[Records from a data collection]
┏━━

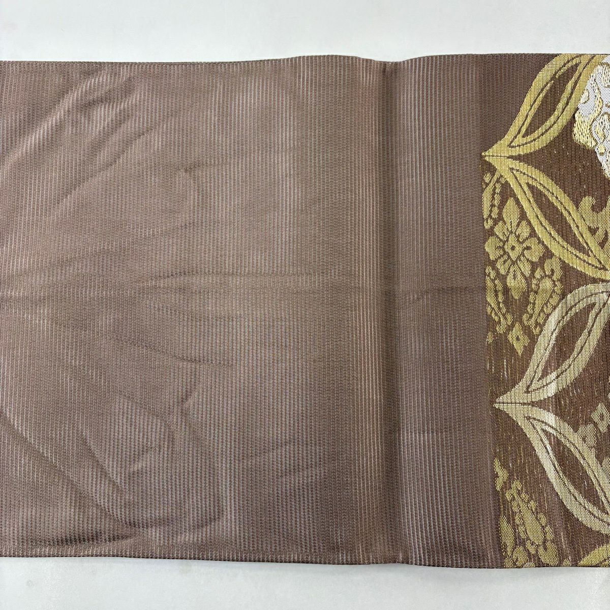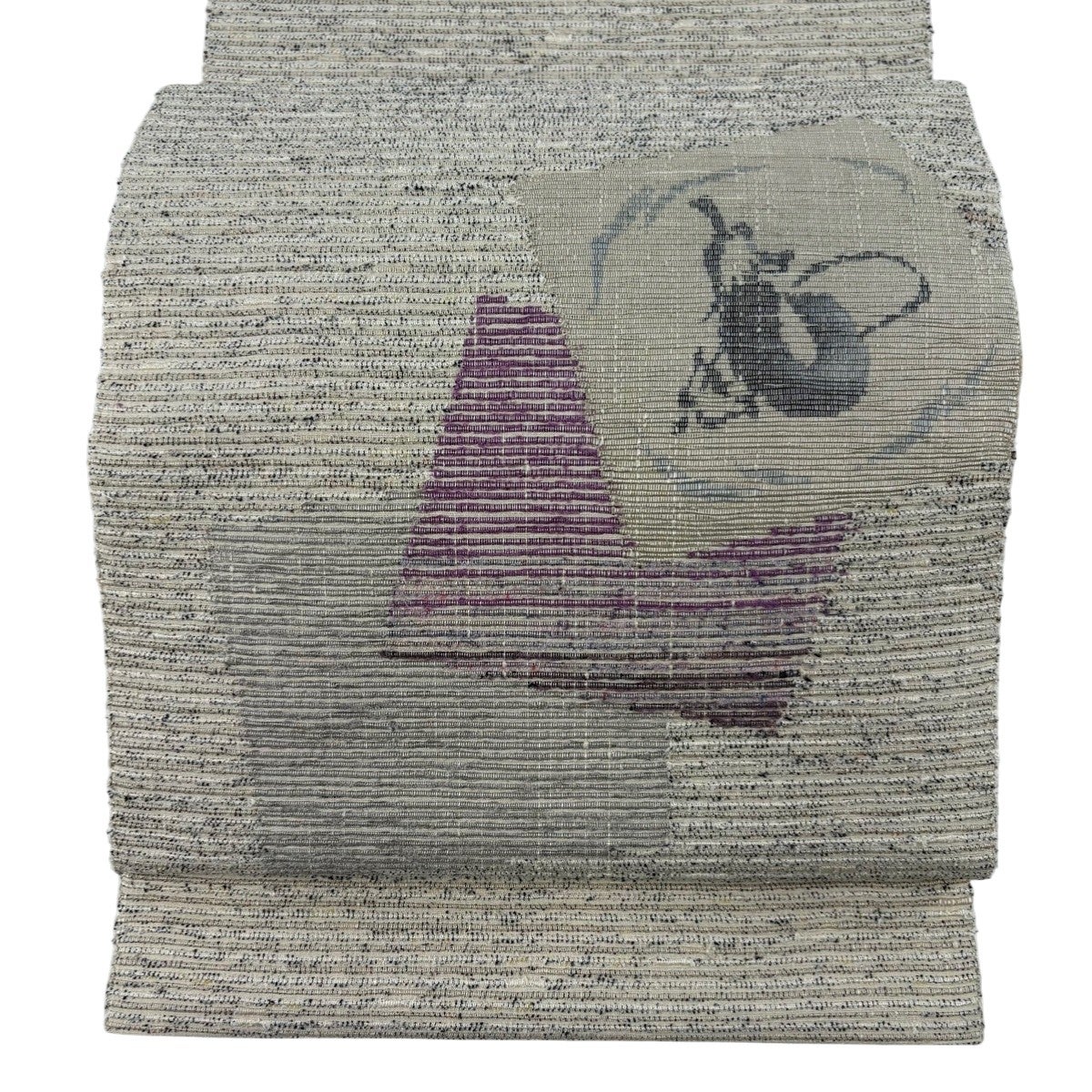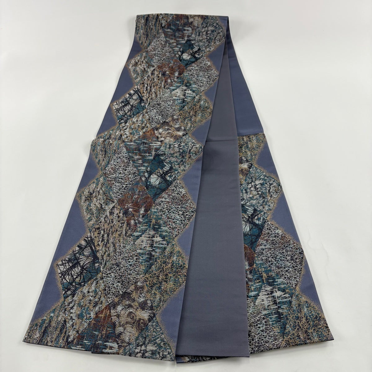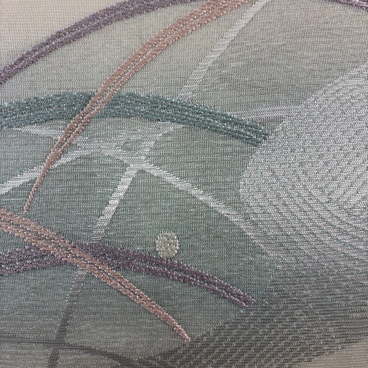 【美品】 袋帯 秀品 夏帯 幾何学模様 金通し 灰紫 お太鼓柄 正絹
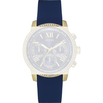 Esta bracelete de relógio Guess é feita de silicone / Borracha e está fixada ao relógio através de pinos de pressão. A bracelete tem uma largura de 20 mm e fecha através de fecho. A bracelete tem uma montagem a direito, o que significa que esta bracelete é adequada para todos os relógios Guess com montagem da bracelete a direito.
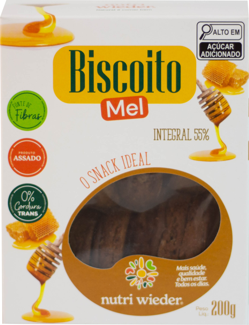 O Biscoito Integral sabor Mel da Nutri Wieder é o snack ideal para o seu dia a dia. Gostoso e crocante, é um produto assado, fonte de fibras e 0% gordura trans.
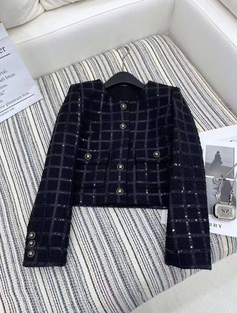 CHANEL Женский Чёрный пиджак – воплощение безупречного стиля и отличное качество. Классический силуэт, из плотной буклевы, подчеркнет вашу элегантность в деловом или вечернем образе.
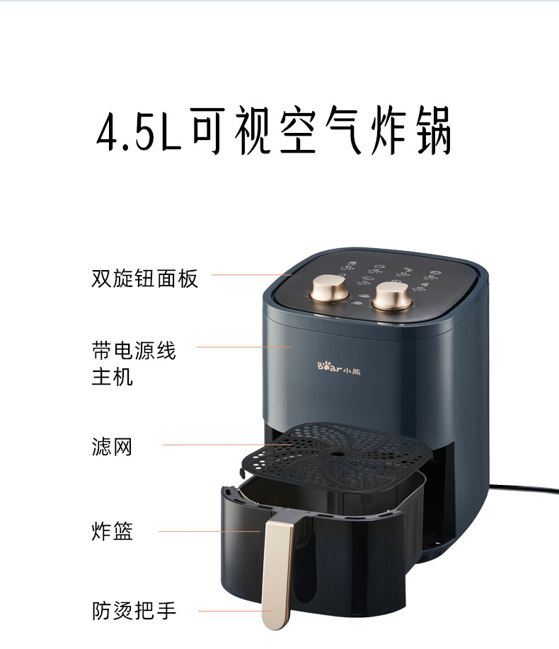 小熊 家用空气炸锅4.5LQZG-E12Z6
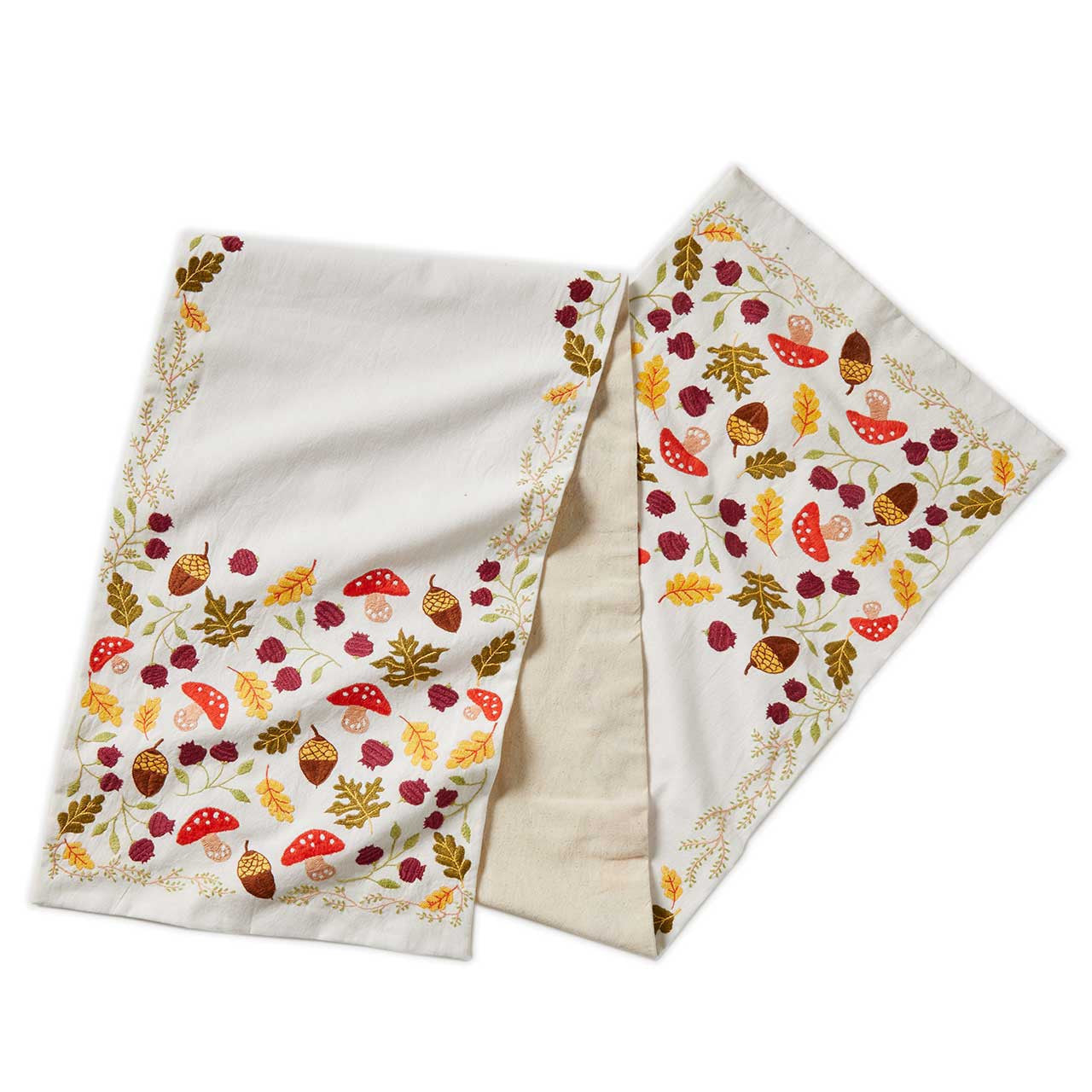 Your fall table decor is elevated when you add handmade textiles, and this table runner is no exception. Skilled artisan women draw a design on natural, cream-colored cotton fabric, then hand embroider it using needle and thread with a festive fall pattern featuring autumn leaves, Indian poppies, and the distinctive Fly Agaric or Amanita muscaria mushrooms. Pair this table runner with the matching napkins to coordinate your kitchen textiles for autumn gatherings. This table runner looks great on any flat surface that needs a touch of fall color.
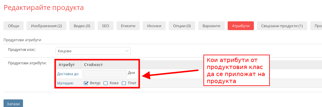 - Сега ще се визуализират Атрибутите, които са добавени към въпросния Продуктов клас и ще можете да изберете кои атрибути да приложите. Полетата, които оставите празни няма да се визуализират в Клиентската област.
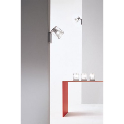 Настенный или потолочный светильник Cubetto. Квадратный рассеиватель из хрусталя (24% окиси свинца), внутренняя часть — пескоструйная обработка, угол наклона регулируется. Металлическое крепление из блестящего хрома. Дизайн Pamio. Арт. D28G0400
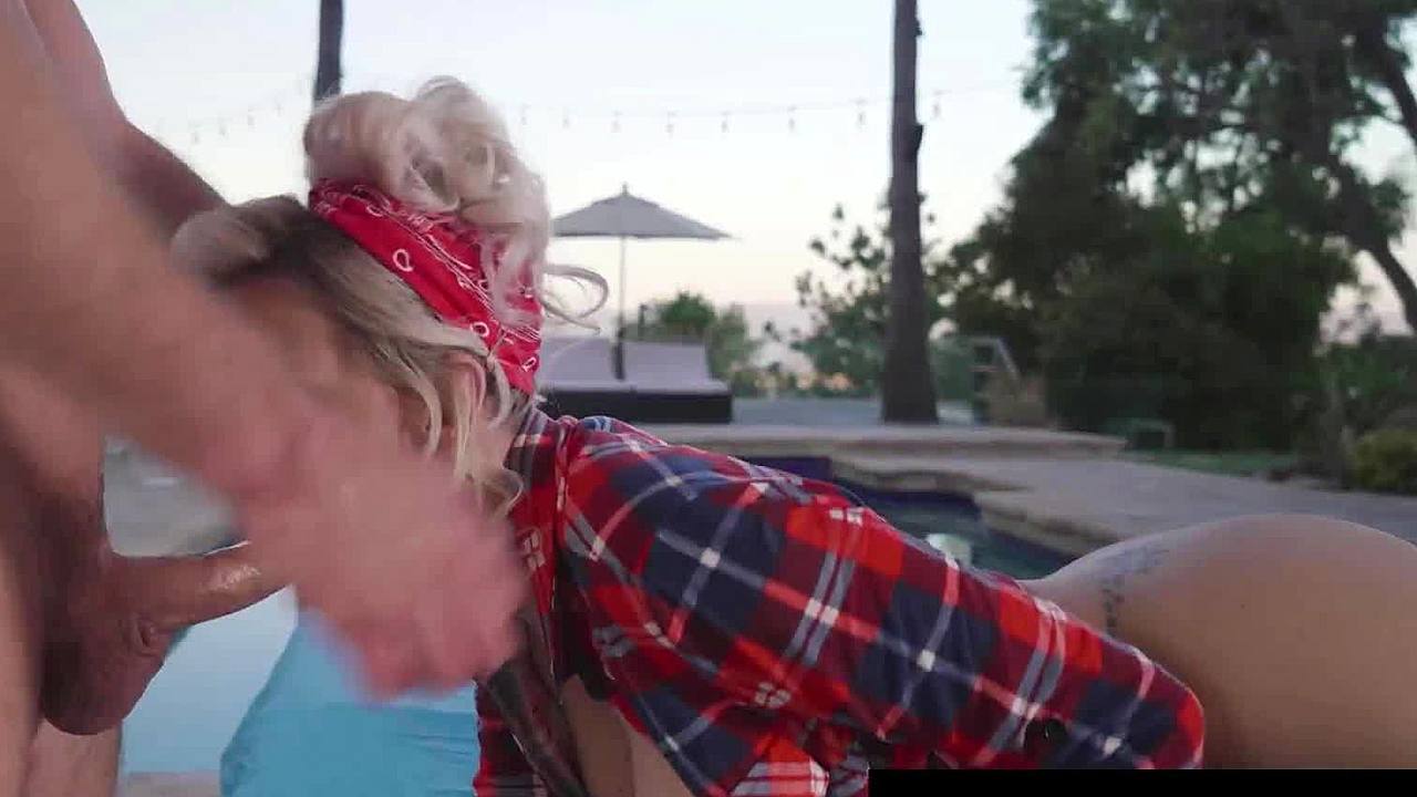 A busty blonde cougar gives a blowjob to a hot toy boy
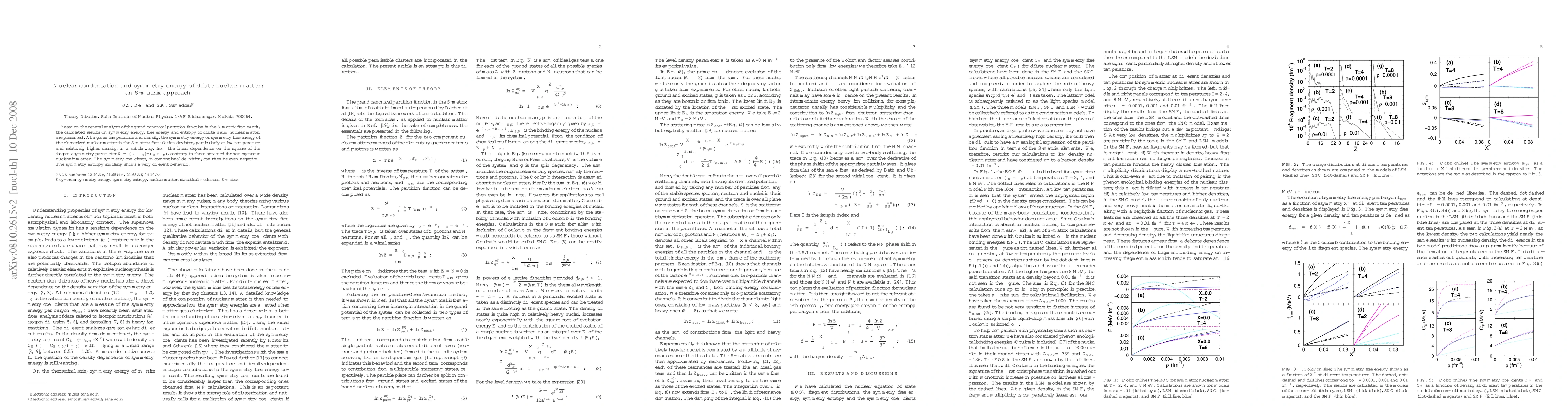 Based on the general analysis of the grand canonical partition function in the S-matrix framework, the calculated results on symmetry energy, free energy and entropy of dilute warm nuclear matter are presented. At a given temperature and density, the symmetry energy or symmetry free energy of the clusterized nuclear matter in the S-matrix formulation deviates, particularly at low temperature and relatively higher density, in a subtle way, from the linear dependence on the square of the isospin asymmetry parameter $X=(\rho_n-\rho_p)/(\rho_n+\rho_p)$, contrary to those obtained for homogeneous nucleonic matter. The symmetry coefficients, in the conventional definition, can then be even negative. The symmetry entropy similarly shows a very different behavior.
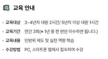 ※ 지자체별로 교육 방식(사이버 또는 집합)이 다를 수 있으므로, 반드시 해당 지자체 공지사항을 확인해야 합니다.
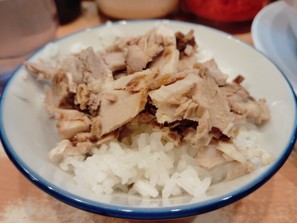 16時まではなんと小ライスが無料でついてくる。しかもカウンター上にチャーシューの切れ端が山盛りにされており、自由に取っていいという大盤振る舞いなサービス付き。ライスの上にチャーシューを乗せ、さらにそこにスープをかけると激ウマ。ぜひお試しあれ。
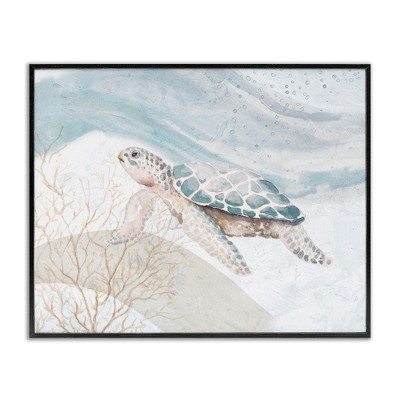 Stupell Industries Pleasant Aquatic Blue Sea Turtle Swimming Ocean Plants Framed Giclee Art
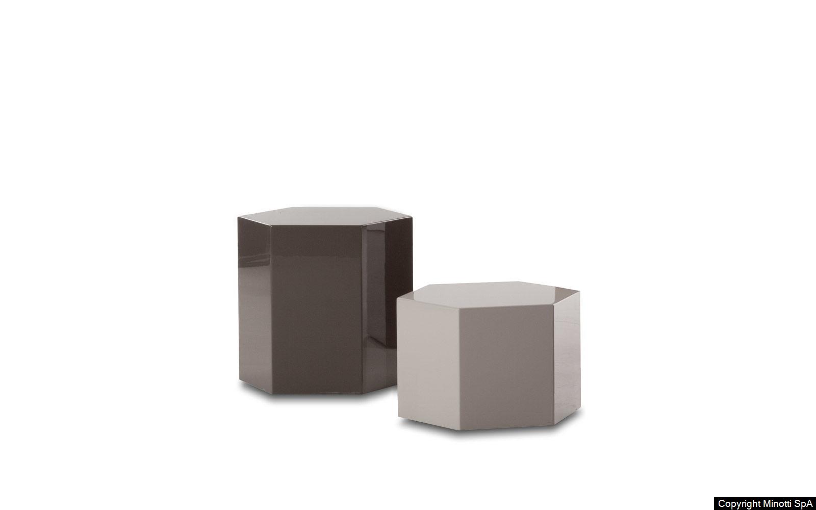 The Aeron “Outdoor” accent tables are available in several sizes, making it possible to create a unique interplay of shapes and sizes. Thanks to their hexagonal prism shape, they forge interesting connections with other types of coffee tables in the collection, especially with the Brisley “Outdoor” accent table.
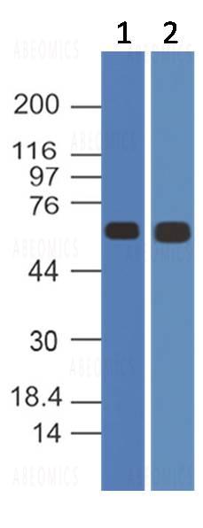 Fig-1: Western blot analysis of NRF2. Anti-NRF2 antibody (11-12046) was used at 2 µg/ml on (1) h Kidney and (2) h Liver lysates.
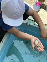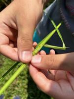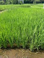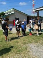 高気温で強い日差しの中、共生ファームさんにお邪魔し、稲の観察と田んぼの生き物調査をしに行きました。4月に田植えをした稲が、すっかり大きくなり稲穂を出す準備をしていたり、稲穂が開き稲の花が咲いたりしていました。みんなで植えた時には、1か所につき3本~5本くらいをまとめて植えましたが、分けつを繰り返し、30本以上程にも増えていました。スカスカだった田んぼも稲でいっぱいになっていました。6月の豪雨で一度水を被ってしまいましたが、今年は日照時間が長く順調な生育とのことです。9月5日(予定)の稲刈りが楽しみです
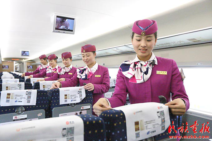 擔(dān)任貴陽至昆明高鐵值乘任務(wù)的“動妹”們進行系列安全演練和培訓(xùn),確保為旅客提供優(yōu)質(zhì)服務(wù)(張貴忠 攝影)

┗━━

Without carrying over any picture, write out the entries above once more, exactly.

## Response area
 【美品】 袋帯 秀品 夏帯 幾何学模様 金通し 灰紫 お太鼓柄 正絹
 Esta bracelete de relógio Guess é feita de silicone / Borracha e está fixada ao relógio através de pinos de pressão. A bracelete tem uma largura de 20 mm e fecha através de fecho. A bracelete tem uma montagem a direito, o que significa que esta bracelete é adequada para todos os relógios Guess com montagem da bracelete a direito.
 O Biscoito Integral sabor Mel da Nutri Wieder é o snack ideal para o seu dia a dia. Gostoso e crocante, é um produto assado, fonte de fibras e 0% gordura trans.
 CHANEL Женский Чёрный пиджак – воплощение безупречного стиля и отличное качество. Классический силуэт, из плотной буклевы, подчеркнет вашу элегантность в деловом или вечернем образе.
 小熊 家用空气炸锅4.5LQZG-E12Z6
 Your fall table decor is elevated when you add handmade textiles, and this table runner is no exception. Skilled artisan women draw a design on natural, cream-colored cotton fabric, then hand embroider it using needle and thread with a festive fall pattern featuring autumn leaves, Indian poppies, and the distinctive Fly Agaric or Amanita muscaria mushrooms. Pair this table runner with the matching napkins to coordinate your kitchen textiles for autumn gatherings. This table runner looks great on any flat surface that needs a touch of fall color.
 - Сега ще се визуализират Атрибутите, които са добавени към въпросния Продуктов клас и ще можете да изберете кои атрибути да приложите. Полетата, които оставите празни няма да се визуализират в Клиентската област.
 Настенный или потолочный светильник Cubetto. Квадратный рассеиватель из хрусталя (24% окиси свинца), внутренняя часть — пескоструйная обработка, угол наклона регулируется. Металлическое крепление из блестящего хрома. Дизайн Pamio. Арт. D28G0400
 A busty blonde cougar gives a blowjob to a hot toy boy
 Based on the general analysis of the grand canonical partition function in the S-matrix framework, the calculated results on symmetry energy, free energy and entropy of dilute warm nuclear matter are presented. At a given temperature and density, the symmetry energy or symmetry free energy of the clusterized nuclear matter in the S-matrix formulation deviates, particularly at low temperature and relatively higher density, in a subtle way, from the linear dependence on the square of the isospin asymmetry parameter $X=(\rho_n-\rho_p)/(\rho_n+\rho_p)$, contrary to those obtained for homogeneous nucleonic matter. The symmetry coefficients, in the conventional definition, can then be even negative. The symmetry entropy similarly shows a very different behavior.
 ※ 지자체별로 교육 방식(사이버 또는 집합)이 다를 수 있으므로, 반드시 해당 지자체 공지사항을 확인해야 합니다.
 16時まではなんと小ライスが無料でついてくる。しかもカウンター上にチャーシューの切れ端が山盛りにされており、自由に取っていいという大盤振る舞いなサービス付き。ライスの上にチャーシューを乗せ、さらにそこにスープをかけると激ウマ。ぜひお試しあれ。
 Stupell Industries Pleasant Aquatic Blue Sea Turtle Swimming Ocean Plants Framed Giclee Art
 The Aeron “Outdoor” accent tables are available in several sizes, making it possible to create a unique interplay of shapes and sizes. Thanks to their hexagonal prism shape, they forge interesting connections with other types of coffee tables in the collection, especially with the Brisley “Outdoor” accent table.
 Fig-1: Western blot analysis of NRF2. Anti-NRF2 antibody (11-12046) was used at 2 µg/ml on (1) h Kidney and (2) h Liver lysates.
 高気温で強い日差しの中、共生ファームさんにお邪魔し、稲の観察と田んぼの生き物調査をしに行きました。4月に田植えをした稲が、すっかり大きくなり稲穂を出す準備をしていたり、稲穂が開き稲の花が咲いたりしていました。みんなで植えた時には、1か所につき3本~5本くらいをまとめて植えましたが、分けつを繰り返し、30本以上程にも増えていました。スカスカだった田んぼも稲でいっぱいになっていました。6月の豪雨で一度水を被ってしまいましたが、今年は日照時間が長く順調な生育とのことです。9月5日(予定)の稲刈りが楽しみです
 擔(dān)任貴陽至昆明高鐵值乘任務(wù)的“動妹”們進行系列安全演練和培訓(xùn),確保為旅客提供優(yōu)質(zhì)服務(wù)(張貴忠 攝影)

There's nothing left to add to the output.